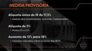 O conjunto de medidas foi enviado ao Congresso por meio de uma medida provisória e aguarda análise. Entre outros pontos, o texto prevê aumento da tributação sobre bets e cobrança de Imposto de Renda sobre investimentos atualmente isentos.
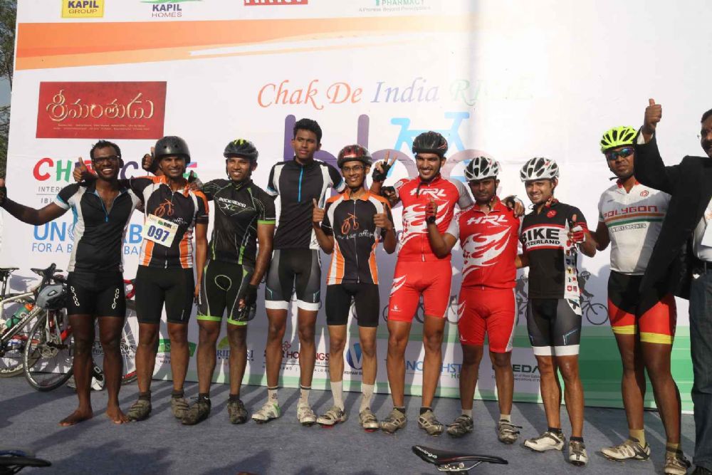 Actor Mahesh Babu along with Jagapathi Babu flags off Check De India Bycycle ride in Hyderabad
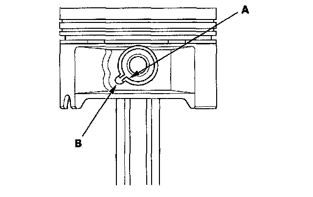 2. Apply new engine oil to the piston pin snap rings (A) and turn them in the ring grooves until the end gaps are lined up with the cutouts in the piston pin bores (B).
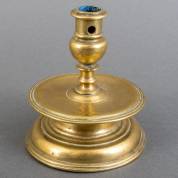 Messing kandelaar op brede ronde voet, Spanje, eind 16e/begin 17e eeuw, 16 x Ø13 cm
■ ■ ■ ■
What needs to be done: The whole listing should be restated word for word, with no pictures.

Solved problem:
 O conjunto de medidas foi enviado ao Congresso por meio de uma medida provisória e aguarda análise. Entre outros pontos, o texto prevê aumento da tributação sobre bets e cobrança de Imposto de Renda sobre investimentos atualmente isentos.
 Actor Mahesh Babu along with Jagapathi Babu flags off Check De India Bycycle ride in Hyderabad
 2. Apply new engine oil to the piston pin snap rings (A) and turn them in the ring grooves until the end gaps are lined up with the cutouts in the piston pin bores (B).
 Messing kandelaar op brede ronde voet, Spanje, eind 16e/begin 17e eeuw, 16 x Ø13 cm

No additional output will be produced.